***** Given entries *****

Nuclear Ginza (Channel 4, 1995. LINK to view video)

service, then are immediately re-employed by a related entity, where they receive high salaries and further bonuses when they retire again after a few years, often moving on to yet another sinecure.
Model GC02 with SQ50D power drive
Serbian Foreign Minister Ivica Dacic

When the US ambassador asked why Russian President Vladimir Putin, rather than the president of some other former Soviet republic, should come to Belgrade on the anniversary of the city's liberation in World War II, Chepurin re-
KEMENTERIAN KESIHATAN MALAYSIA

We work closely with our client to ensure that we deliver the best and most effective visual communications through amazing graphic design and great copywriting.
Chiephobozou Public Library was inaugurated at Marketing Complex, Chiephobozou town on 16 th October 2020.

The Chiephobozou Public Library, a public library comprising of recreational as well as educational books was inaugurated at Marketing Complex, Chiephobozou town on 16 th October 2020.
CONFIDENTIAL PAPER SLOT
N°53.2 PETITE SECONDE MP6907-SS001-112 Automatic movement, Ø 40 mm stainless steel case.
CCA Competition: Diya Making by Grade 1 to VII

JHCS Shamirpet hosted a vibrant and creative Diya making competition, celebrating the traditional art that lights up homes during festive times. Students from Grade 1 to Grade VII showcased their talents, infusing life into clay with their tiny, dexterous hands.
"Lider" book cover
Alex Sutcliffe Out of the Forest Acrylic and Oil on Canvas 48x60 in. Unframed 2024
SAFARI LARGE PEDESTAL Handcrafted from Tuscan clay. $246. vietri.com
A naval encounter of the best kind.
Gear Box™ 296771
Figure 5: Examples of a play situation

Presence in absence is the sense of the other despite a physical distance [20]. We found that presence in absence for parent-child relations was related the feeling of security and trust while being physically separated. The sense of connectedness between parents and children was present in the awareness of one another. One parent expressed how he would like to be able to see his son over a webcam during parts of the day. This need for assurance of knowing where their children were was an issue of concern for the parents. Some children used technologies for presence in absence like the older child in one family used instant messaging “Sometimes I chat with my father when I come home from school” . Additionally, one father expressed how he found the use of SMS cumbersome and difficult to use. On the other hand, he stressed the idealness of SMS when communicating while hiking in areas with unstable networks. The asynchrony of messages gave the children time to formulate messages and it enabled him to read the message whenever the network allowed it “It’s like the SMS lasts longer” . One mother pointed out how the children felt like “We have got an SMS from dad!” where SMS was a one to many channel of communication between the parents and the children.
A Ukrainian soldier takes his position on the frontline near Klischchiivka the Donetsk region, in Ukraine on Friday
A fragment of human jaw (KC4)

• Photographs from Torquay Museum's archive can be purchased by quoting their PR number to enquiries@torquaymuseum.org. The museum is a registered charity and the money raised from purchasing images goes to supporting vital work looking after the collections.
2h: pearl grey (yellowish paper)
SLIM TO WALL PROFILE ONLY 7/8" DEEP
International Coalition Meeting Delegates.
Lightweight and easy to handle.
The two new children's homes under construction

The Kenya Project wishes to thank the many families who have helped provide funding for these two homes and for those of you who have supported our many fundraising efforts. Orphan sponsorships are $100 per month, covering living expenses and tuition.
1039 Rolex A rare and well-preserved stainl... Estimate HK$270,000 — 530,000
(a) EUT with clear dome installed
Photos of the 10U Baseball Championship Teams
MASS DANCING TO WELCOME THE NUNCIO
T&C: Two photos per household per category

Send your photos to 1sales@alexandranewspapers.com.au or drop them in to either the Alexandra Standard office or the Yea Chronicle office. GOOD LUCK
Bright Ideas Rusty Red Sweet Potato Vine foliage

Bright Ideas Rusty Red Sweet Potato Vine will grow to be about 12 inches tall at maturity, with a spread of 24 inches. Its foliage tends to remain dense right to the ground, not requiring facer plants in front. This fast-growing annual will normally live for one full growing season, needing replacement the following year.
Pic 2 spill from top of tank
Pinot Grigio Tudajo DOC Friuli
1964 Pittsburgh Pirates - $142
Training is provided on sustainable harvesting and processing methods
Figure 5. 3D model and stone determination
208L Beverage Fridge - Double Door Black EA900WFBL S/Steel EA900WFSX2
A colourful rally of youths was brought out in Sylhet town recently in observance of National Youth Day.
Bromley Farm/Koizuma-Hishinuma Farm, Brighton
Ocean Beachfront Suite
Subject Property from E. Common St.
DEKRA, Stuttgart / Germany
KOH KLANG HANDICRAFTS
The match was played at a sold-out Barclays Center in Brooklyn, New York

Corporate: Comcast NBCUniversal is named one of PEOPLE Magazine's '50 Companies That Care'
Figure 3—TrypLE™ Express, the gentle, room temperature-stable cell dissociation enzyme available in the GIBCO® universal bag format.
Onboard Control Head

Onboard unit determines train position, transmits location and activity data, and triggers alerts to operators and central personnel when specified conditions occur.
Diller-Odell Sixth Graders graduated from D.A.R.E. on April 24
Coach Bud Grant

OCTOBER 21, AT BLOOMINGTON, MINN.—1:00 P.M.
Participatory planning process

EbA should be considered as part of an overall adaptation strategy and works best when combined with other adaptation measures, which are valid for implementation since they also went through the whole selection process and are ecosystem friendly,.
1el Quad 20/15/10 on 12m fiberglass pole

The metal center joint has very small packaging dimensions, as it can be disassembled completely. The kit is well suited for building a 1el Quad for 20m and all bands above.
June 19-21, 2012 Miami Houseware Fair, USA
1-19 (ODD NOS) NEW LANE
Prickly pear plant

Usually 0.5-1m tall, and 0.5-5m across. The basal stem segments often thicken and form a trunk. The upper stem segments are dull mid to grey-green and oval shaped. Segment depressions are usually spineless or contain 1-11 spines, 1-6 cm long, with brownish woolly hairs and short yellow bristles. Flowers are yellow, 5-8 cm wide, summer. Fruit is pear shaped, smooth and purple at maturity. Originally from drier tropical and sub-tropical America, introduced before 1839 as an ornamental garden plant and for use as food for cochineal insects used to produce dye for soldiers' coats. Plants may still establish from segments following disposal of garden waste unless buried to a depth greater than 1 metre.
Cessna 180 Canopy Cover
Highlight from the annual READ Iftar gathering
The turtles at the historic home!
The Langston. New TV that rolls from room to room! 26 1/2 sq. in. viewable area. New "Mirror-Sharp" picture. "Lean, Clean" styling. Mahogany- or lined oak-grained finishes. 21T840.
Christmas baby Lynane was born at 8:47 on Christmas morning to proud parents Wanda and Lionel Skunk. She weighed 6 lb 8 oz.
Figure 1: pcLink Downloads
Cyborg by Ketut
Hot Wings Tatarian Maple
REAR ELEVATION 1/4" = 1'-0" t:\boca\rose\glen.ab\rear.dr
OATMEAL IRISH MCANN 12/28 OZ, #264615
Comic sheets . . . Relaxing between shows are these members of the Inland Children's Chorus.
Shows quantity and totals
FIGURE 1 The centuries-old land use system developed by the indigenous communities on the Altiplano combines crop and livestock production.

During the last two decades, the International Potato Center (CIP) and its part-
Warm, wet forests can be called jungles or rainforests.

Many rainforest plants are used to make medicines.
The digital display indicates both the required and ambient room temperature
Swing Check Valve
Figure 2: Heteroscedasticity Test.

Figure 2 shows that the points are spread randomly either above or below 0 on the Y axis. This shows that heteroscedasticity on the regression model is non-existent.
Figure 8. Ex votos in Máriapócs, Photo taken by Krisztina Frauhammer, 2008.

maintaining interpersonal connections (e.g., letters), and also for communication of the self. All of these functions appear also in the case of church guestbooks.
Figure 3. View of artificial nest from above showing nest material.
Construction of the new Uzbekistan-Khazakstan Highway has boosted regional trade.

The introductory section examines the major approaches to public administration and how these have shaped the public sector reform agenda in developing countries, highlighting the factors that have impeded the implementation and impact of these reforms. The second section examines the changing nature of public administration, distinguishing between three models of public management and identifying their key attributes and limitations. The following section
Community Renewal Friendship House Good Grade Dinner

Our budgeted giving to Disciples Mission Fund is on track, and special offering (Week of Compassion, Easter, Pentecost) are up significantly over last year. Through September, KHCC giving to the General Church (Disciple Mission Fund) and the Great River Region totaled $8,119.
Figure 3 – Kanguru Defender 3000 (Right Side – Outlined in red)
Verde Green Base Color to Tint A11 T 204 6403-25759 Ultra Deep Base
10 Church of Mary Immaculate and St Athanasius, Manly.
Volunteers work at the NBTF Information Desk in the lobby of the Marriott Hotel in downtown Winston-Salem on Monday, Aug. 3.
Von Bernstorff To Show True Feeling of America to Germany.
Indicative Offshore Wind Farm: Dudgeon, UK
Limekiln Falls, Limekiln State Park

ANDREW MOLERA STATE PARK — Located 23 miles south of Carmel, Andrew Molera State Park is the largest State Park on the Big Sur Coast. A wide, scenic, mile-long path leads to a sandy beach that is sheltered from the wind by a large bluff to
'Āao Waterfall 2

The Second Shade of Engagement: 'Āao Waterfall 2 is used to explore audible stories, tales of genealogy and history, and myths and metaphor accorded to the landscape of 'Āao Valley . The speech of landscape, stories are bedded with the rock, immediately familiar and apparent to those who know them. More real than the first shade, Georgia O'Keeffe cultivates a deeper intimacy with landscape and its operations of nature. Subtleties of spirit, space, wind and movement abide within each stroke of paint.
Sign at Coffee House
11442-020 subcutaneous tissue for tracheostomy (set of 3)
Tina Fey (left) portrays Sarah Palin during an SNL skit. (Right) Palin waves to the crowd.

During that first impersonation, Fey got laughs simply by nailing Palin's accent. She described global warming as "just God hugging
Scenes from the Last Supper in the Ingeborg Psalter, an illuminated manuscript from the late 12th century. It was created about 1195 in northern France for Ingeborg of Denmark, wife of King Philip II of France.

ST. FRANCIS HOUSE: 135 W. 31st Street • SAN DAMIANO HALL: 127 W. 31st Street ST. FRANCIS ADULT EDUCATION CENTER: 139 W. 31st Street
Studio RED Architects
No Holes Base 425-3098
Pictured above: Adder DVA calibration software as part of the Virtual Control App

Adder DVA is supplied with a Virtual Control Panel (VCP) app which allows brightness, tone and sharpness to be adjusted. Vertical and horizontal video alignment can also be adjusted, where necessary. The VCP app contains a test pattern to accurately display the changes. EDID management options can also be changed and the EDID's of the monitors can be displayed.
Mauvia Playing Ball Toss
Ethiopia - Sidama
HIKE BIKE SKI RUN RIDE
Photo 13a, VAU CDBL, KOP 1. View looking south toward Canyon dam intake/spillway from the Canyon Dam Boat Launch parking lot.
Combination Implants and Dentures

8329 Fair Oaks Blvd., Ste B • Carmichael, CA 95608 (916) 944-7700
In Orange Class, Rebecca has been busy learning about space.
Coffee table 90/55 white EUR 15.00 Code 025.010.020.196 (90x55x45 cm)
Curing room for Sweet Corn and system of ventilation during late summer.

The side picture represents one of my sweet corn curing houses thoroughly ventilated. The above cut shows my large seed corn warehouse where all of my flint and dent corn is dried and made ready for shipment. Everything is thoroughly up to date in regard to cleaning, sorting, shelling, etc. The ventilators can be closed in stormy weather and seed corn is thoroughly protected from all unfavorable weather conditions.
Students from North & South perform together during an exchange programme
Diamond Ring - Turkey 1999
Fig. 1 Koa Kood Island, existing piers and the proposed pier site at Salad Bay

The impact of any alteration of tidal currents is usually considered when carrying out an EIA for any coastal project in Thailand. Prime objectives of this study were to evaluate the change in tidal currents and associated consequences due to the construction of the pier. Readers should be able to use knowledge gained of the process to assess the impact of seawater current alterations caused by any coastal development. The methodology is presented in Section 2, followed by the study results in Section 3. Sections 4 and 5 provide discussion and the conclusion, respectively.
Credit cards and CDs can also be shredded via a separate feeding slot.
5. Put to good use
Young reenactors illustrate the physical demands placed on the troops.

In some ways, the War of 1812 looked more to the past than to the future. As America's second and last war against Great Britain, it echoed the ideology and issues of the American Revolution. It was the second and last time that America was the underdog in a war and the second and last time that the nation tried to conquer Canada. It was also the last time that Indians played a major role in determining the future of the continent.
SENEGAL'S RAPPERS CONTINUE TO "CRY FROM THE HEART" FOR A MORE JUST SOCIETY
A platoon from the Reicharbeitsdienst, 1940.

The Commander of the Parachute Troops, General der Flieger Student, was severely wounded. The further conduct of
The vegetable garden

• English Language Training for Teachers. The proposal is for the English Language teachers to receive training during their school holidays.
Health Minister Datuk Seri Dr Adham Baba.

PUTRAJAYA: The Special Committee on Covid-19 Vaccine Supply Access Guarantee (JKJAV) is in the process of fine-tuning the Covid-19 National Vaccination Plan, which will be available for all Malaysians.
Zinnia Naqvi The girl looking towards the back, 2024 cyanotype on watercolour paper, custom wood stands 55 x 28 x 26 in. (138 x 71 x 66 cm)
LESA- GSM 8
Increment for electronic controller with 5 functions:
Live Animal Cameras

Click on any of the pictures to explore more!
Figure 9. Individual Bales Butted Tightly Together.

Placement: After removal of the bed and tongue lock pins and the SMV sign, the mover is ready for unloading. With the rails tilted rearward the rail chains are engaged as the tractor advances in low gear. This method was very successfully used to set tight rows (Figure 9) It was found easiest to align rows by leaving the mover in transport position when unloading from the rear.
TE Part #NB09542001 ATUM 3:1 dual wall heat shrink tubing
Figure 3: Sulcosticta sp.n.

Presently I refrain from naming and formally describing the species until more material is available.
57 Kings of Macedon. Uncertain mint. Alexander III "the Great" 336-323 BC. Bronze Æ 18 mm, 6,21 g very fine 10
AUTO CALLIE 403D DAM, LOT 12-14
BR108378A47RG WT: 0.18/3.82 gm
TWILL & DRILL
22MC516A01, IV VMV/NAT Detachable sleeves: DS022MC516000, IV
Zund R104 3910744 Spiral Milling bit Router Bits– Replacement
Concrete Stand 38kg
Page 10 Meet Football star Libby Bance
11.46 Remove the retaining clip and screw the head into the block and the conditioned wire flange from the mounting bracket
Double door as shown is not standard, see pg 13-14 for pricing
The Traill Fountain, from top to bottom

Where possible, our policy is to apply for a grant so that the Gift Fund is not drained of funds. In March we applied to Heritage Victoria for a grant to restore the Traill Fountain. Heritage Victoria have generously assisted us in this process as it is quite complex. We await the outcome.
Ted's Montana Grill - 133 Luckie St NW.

*****

*Work instruction*
From the entries above, print the lines beginning at the one with "In some ways, the" and stopping after the one with "Placement: After removal", exactly as written and with nothing else.

*Answer section*
In some ways, the War of 1812 looked more to the past than to the future. As America's second and last war against Great Britain, it echoed the ideology and issues of the American Revolution. It was the second and last time that America was the underdog in a war and the second and last time that the nation tried to conquer Canada. It was also the last time that Indians played a major role in determining the future of the continent.
SENEGAL'S RAPPERS CONTINUE TO "CRY FROM THE HEART" FOR A MORE JUST SOCIETY
A platoon from the Reicharbeitsdienst, 1940.

The Commander of the Parachute Troops, General der Flieger Student, was severely wounded. The further conduct of
The vegetable garden

• English Language Training for Teachers. The proposal is for the English Language teachers to receive training during their school holidays.
Health Minister Datuk Seri Dr Adham Baba.

PUTRAJAYA: The Special Committee on Covid-19 Vaccine Supply Access Guarantee (JKJAV) is in the process of fine-tuning the Covid-19 National Vaccination Plan, which will be available for all Malaysians.
Zinnia Naqvi The girl looking towards the back, 2024 cyanotype on watercolour paper, custom wood stands 55 x 28 x 26 in. (138 x 71 x 66 cm)
LESA- GSM 8
Increment for electronic controller with 5 functions:
Live Animal Cameras

Click on any of the pictures to explore more!
Figure 9. Individual Bales Butted Tightly Together.

Placement: After removal of the bed and tongue lock pins and the SMV sign, the mover is ready for unloading. With the rails tilted rearward the rail chains are engaged as the tractor advances in low gear. This method was very successfully used to set tight rows (Figure 9) It was found easiest to align rows by leaving the mover in transport position when unloading from the rear.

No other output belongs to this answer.